William Kristol gives a few reasons why Democrats seem to have abandoned the moderate strategy that won in November, in favor of anti-war rhetoric. He gives several reasons for the change in direction.
In part, an accelerated presidential race, with its own dynamic. In part, the fact of congressional majority status, which has its own dynamic too. But in largest part, Bush. He crossed up the Democrats. They expected him to stay the Rumsfeld-Abizaid-Casey course in Iraq. Or, they thought, he might accede to the Iraq Study Group, admit errors and lead us to gradual defeat. Neither would have required Democrats to do anything much except lament the lamentable situation into which Bush had got us. Instead, Bush replaced Rumsfeld, rejected the Iraq Study Group's slow-motion-withdrawal option and chose to try a new strategy for victory, backed by a troop surge. The Democrats were genuinely shocked that Bush wouldn't behave as if the war was lost.Interesting to me was his take on Hillary's statement that Bush should time a pullout in Iraq to a political timetable so troops would be out of Iraq before his successor took office.

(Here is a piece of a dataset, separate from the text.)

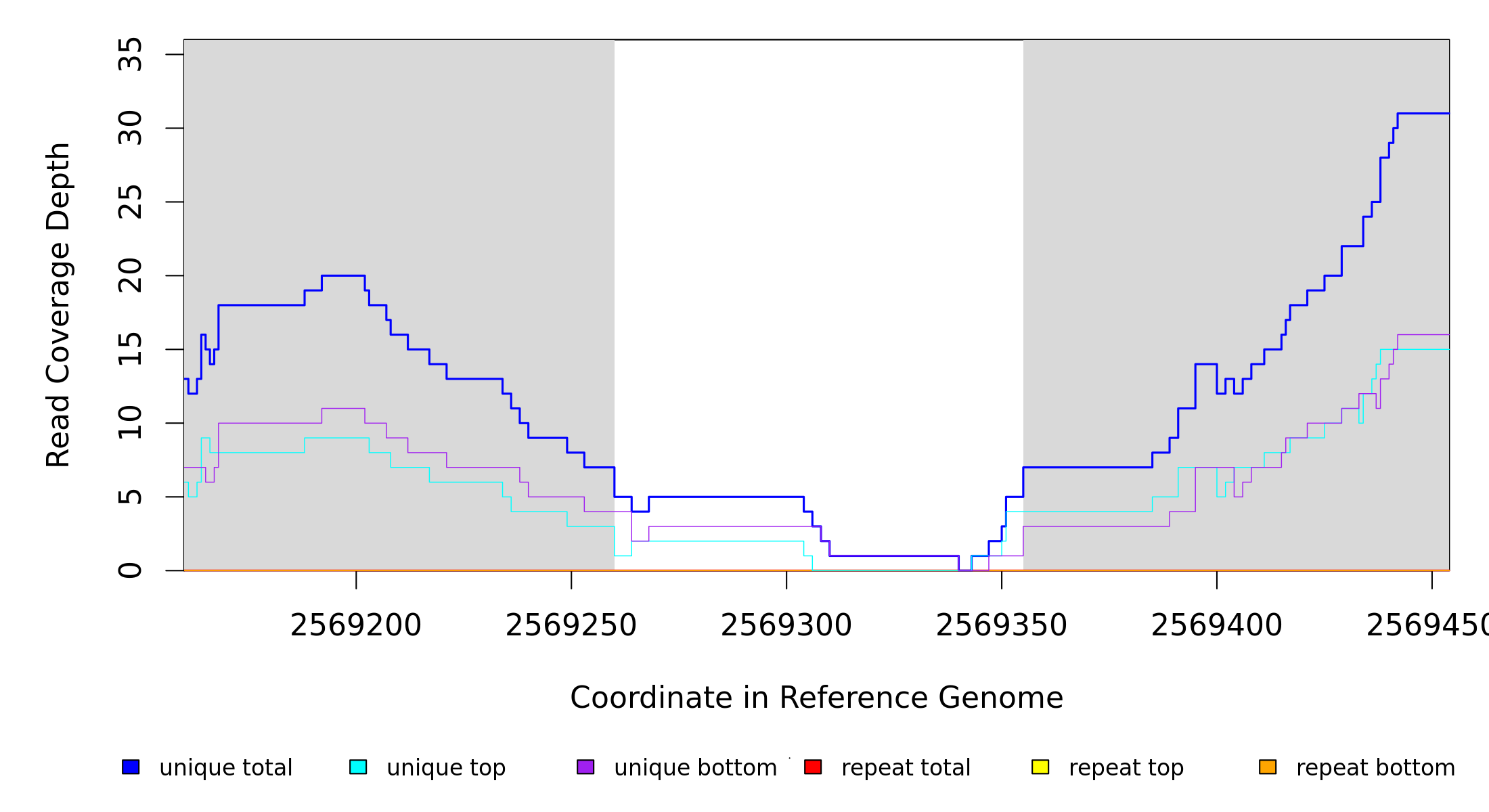 | seq id | start | end | size | ←reads | reads→ | gene | description | |||

This was an odd statement. After all, we presumably should get out of Iraq on whatever schedule we can responsibly do so, not so that the next President won't be bothered in her first few months in office with something messy and unpleasant. But her statement was a sign of Democratic frustration overtaking Democratic good sense. Why the frustration? Do Democrats worry that Bush's new strategy might actually work? Or, even if it doesn't, that Republicans might not be penalized politically for supporting one last try for victory? In any case, it would be ironic if the anger of Democrats at Bush and his war, unleashed by his recent attempt to win it, undoes their moderate image of 2006 and hurts their chance to succeed Bush in November 2008.I don't know whether or not Democrats will pay a political price for their recent turn back to the Left, since favorable media treatment often turns a blind eye to unpopular statements and stands made by Democrats. As for Hillary's statement about Bush not leaving Iraq for a successor to deal with, I am sure that President Bush would have preferred Bill Clinton not leave him an economy in recession and a bunch of terrorists in the U.S. with a 9/11 plot in place. Life sucks that way. Sometimes you end up dealing with messes left by others. If it bothers her that much to have to deal with messes, maybe the job of President is not for her.



Comments (26)
William Kristol gives a ... (Below threshold)1. Posted by mantis | February 2, 2007 10:15 AM | Score: 0 (0 votes cast)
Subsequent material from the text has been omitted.